Jackals howled in the distance. I jerked my head and could see the wreath of mist rising over the plateau. It was nearly impossibleto make out the trees below, and the winding, glittering river I had witnessed less than thirty minutes ago had now vanished.

“Is that where we’re going?” I asked. “The Canyon of Souls? Is that supposed to be one of these beyuls?”

“I honestly don’t know. And as far as we’re concerned, I don’t think it matters.”

I barked laughter and shook my head. “You’re fucking with me, right?”

“It’s the truth as I know it, anyway.” He motioned in the direction of the two guides, who were asleep under a canvas lean-to. “I believe that’s what our buddy Andrew was discussing with them earlier this afternoon.”

“How do you know all this stuff?”

“I’ve been out here before. A few years ago, I came by myself and spent nine months with a rucksack over my shoulders. Spent many nights in the Western Hills, in Pokhara, and made friends in Thamel. It was a good way to clear my head, and back then I needed my head cleared. It was a rough time, but I guess we all go through that at some point.” Petras faced me. “You all right?”

“Yeah, why?”

“You’ve been rubbing your leg the whole time. You get hurt?”

I was massaging the scar on my left leg. It didn’t hurt; it had just become an unconscious habit. “No, I’m fine.”

Across from us, Chad whipped out a harmonica and began playing some unrecognizable tune. Someone laughed, and someone else—possibly Shotsky—told him to shut the hell up and where did he think he was, the old West? Right on cue, Chad told his heckler to go fuck himself. Again, laughter from some disembodied voice.

I sighed, smiling and shaking my head. “This is going to be a long couple of weeks.”

Petras leaned over and squeezed my shoulder. It was such a brotherly gesture that it caught me off guard and rendered me temporarily speechless. “Get some sleep,” he told me.

I watched him rise and shamble over to his own tent, the bonfire

causing shadows to dance across his broad shoulders.
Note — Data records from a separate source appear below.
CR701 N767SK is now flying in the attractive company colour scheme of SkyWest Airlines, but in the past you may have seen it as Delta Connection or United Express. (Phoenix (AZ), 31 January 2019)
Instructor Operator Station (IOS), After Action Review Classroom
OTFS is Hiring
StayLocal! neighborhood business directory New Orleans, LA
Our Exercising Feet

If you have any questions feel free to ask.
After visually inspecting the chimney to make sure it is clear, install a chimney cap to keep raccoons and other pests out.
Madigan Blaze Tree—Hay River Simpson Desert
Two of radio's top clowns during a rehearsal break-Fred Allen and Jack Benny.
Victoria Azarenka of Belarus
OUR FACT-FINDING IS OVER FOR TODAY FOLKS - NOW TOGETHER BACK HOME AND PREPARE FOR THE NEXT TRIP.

After he disappeared through the flaps of his tent, I shifted my gaze out over the grassy plateau, black and still in the night, to the waning fire. Beyond the fire, I could see Andrew. He was perched on a large outcrop of white stone, his legs folded beneath him, his back facing the moon. He looked lost in meditation.

Chapter 8

1

IT WAS NOON. ACCORDING TO SHOTSKY’S WRIST-

watch, and on the third day of the hike when we reached the bridge spanning the cliffs. It was an unsteady rope bridge, like something out of an Indiana Jones movie, suspended at least five stories over a chalk white river. Great fronds waved along the riverbank, but they did not fully conceal the display of jagged white stones, slick with lichen, that hugged the wet earth.

Chad tossed a rock over the side of the cliff; we all watched it plummet to the frothing waters below. Chad whistled but didn’t say anything.
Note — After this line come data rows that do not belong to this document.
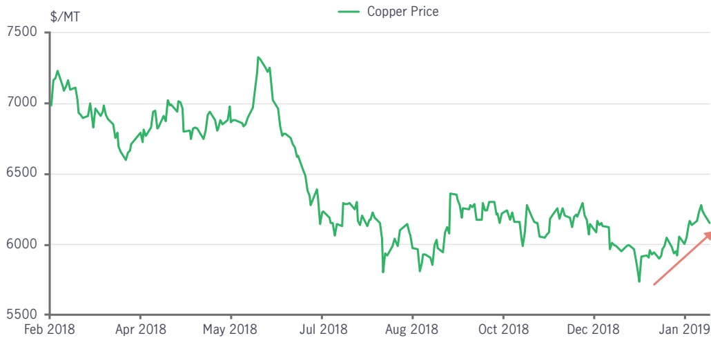
Chart 2: Improving copper prices reflect improving Chinese growth story

As of 12 February 2019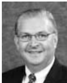
Mayor David Morris Searcy District 2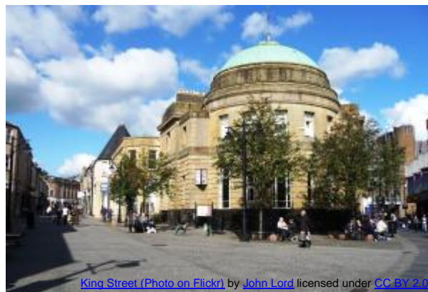
King Street

The county of East Ayrshire has been working on improving the sustainability of its school meals since 2004, making it perhaps the earliest sustainable school food service in the United Kingdom. The area has lower levels of employment, qualifications and average earnings than the Scottish average. This difficult outlook is coupled with lower life expectancy than the national average and rising levels of obesity in school children.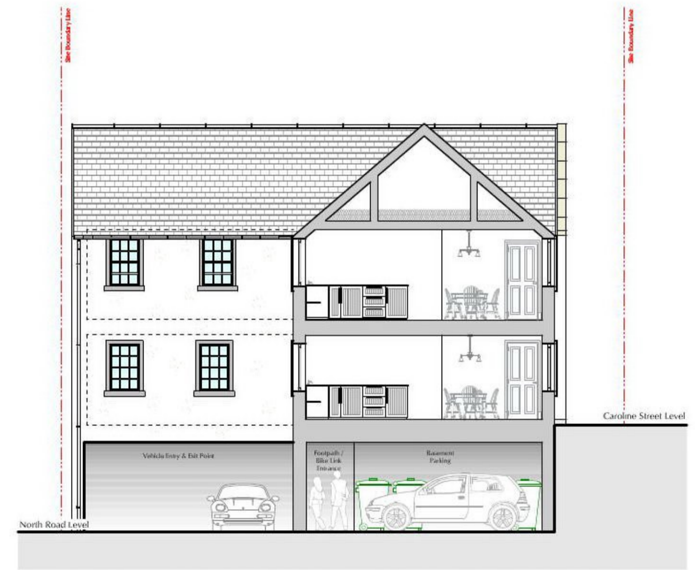
INTERNAL (NORTH-WEST) ELEVATION - SCALE 1:100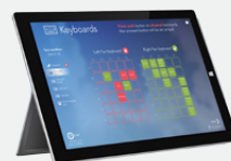
Easy Monitoring Solution

Once again, Andrew spoke with the guides. It had become his custom to pull them aside and speak in hushed tones whenever the spirit struck. This hadn’t bothered me at first, and it wasn’t until I heard one of the guides say something to Hollinger in crude but understandable English that I began to feel uneasy about their discussions in Tibetan. I thought of Petras’s story about the beyul and how some secret places were never meant to be disturbed. This, coupled with the fresh memory of Shomas and how my room had been ransacked, did not sit well with me. It seemed none of us knew much about the Canyon of Souls. It wouldn’t be unlike Andrew to lead us into danger.

“We cross here,” Andrew said.

The guides were already securing lines to the moss-slicked rope handholds. The bridge wobbled unsteadily as they did so.
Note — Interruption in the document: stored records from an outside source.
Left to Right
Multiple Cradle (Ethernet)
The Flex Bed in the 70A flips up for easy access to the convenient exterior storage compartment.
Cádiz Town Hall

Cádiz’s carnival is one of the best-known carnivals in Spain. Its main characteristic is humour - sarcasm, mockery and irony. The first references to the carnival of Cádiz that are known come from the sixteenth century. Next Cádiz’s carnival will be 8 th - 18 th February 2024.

“They’re sure this bridge will hold?” Curtis said. He eyed the wobbling bridge as dubiously as I had.

“It’ll hold. Besides, we’ll lose too much time climbing down and trying to cross the river.”

“He’s playing loose and fast,” Curtis muttered as we secured our gear.

“But he’s right about losing time if we had to climb down and cross the river,” Hollinger said.

“That bridge don’t hold,” Curtis said, “we all might be in that river, anyway.”

One of the guides went first. He traversed the slotted wooden planks with seemingly no difficulty, the palms of his small hands just grazing the ropes at waist height.